During flare-ups, treatment is supportive and based on the clinical signs present. Steroids, antibiotics, anti-diarrheal, antihistamines, and anti-nausea medication may all be used for acute cases.
Immunotherapy, or allergy vaccine, is the preferred method to treat atopy. These vaccines can be given as an injectable, or under the tongue. The formulations are specifically made based on the test results and individual allergens but can take from three months to one year for full effect.
Immunosuppressive drugs, like cyclosporine may bring allergy symptoms under control faster than immunotherapy, usually within a month.
During severe episodes, cats may require supportive care based on their clinical signs. Medications may include:
Antibiotics and antifungals for secondary infections
Cats with a suspected or confirmed flea allergy should receive flea control treatment. It is important to use only those products made specifically for cats. Most products come in a topical liquid or collar. Based on the flea’s lifecycle, these cats must be treated for at least 3 consecutive months in addition to environmental decontamination.
Supportive therapy may be required in the early phases. Cats frequently have secondary infections and may need antibiotics, steroids, anti-inflammatories, or topical therapy.
Allergic Contact Dermatitis
Once identified, the offending substance should be removed as a primary method of treatment. Hypoallergenic shampoos and wipes may help remove the offending allergen, but (as pet parents know) not all cats are happy with this treatment.
Other treatments include topical therapy, steroids, immunosuppressive and immunomodulating drugs.
Cutaneous Drug Eruptions
Most cutaneous drug eruptions are treated by stopping the offending drug. Some cases may require supportive care, hospitalization, and pain management. Severe reactions may require immunosuppressive therapy.

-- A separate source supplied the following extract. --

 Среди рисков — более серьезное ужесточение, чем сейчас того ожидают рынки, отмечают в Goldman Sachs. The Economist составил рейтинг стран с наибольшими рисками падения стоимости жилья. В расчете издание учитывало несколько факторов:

Treatment for asthma is based on severity of clinical signs. For some cats, simply removing the allergen will improve symptoms. Unfortunately, determining the cause is often difficult, which means daily medication with steroids, bronchodilators, and immunotherapy may be required. Cats in respiratory distress require hospitalization and oxygen supplementation.
Difficulty breathing is a medical emergency. If your cat is breathing with its mouth open or has labored breathing, seek veterinary care immediately.

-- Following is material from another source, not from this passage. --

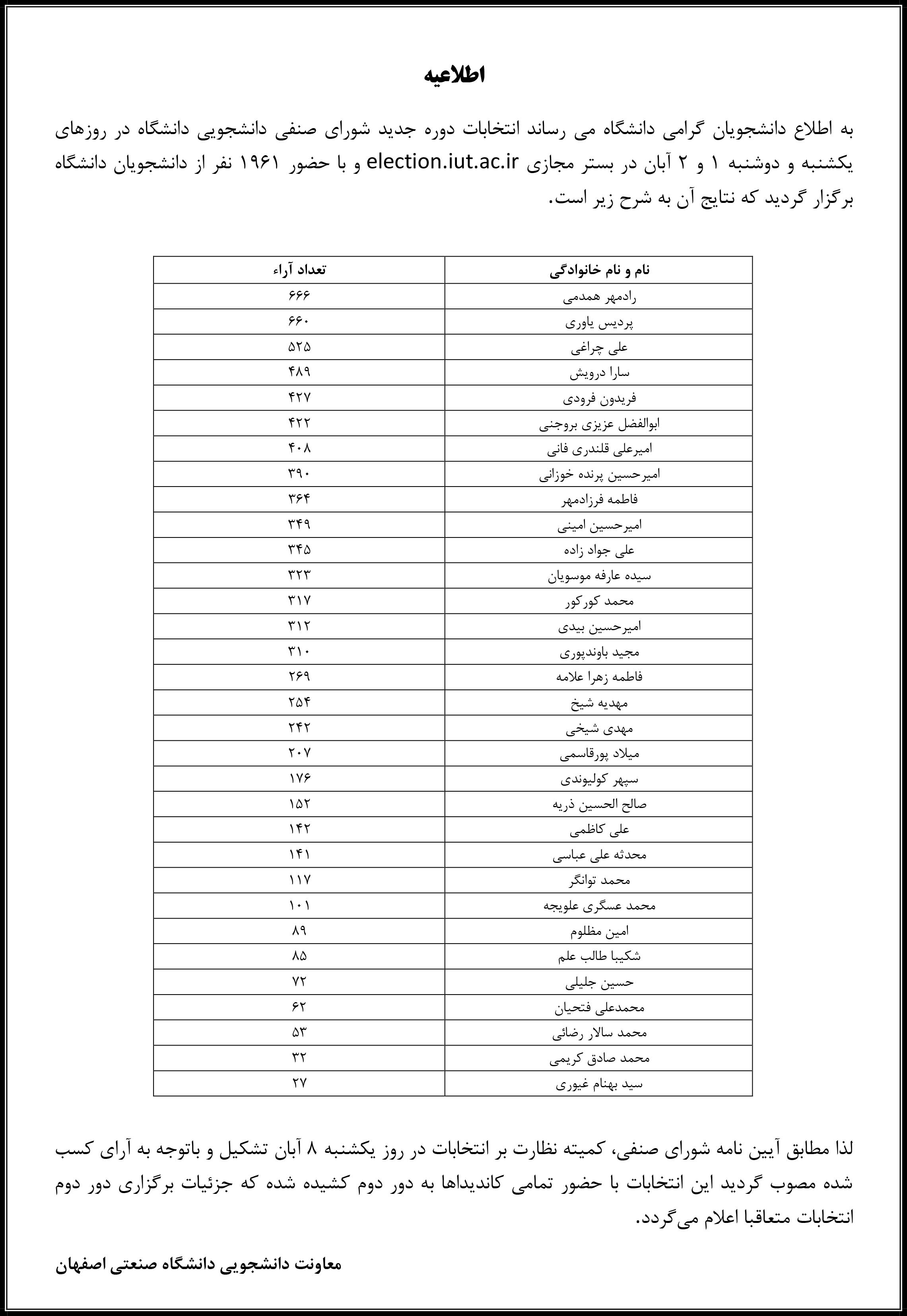 به اطلاع دانشجویان گرامی دانشگاه می رساند انتخابات دوره جدید شورای صنفی دانشجویی دانشگاه در روزهای یکشنبه و دوشنبه ۱ و ۲ آبان در بستر مجازی election.iut.ac.ir و با حضور 1961 نفر از دانشجویان دانشگاه برگزار گردید که نتایج آن به شرح زیر است.

Recovery and Management for Allergies in Cats
With time, the commitment of loving pet parents, and a close relationship with a veterinarian, allergies can be managed, and your cat can enjoy a good quality of life. Allergies cannot typically be cured, but with monitoring and early intervention if flare-ups do occur, cats can quickly return to normal.
Risk factors, especially with cats with atopy, include environments with long allergy seasons and high pollen levels. Cats with multiple types of allergies are more difficult to diagnose, treat, and manage.
In addition, some allergies like flea allergies and contact dermatitis, become more severe and chronic as cats age. Work with your vet to determine the best treatments to manage your cat’s allergies, given the specific diagnosis and its personality.
Allergies in Cats FAQs
How can you tell if your cat has allergies?
Cats with allergies typically have skin issues and are itchy. This doesn’t mean they have allergies, but it is a possibility. Only testing with your veterinarian can determine if your cat has allergies.
What can I give my cat for allergies?
Always talk to your veterinarian before administering any medications or supplements. Based on your cat’s specific allergy, it may be treated with a combination of food and medications.
What are the most common allergies in cats?
Food allergy and environmental allergies are the most common.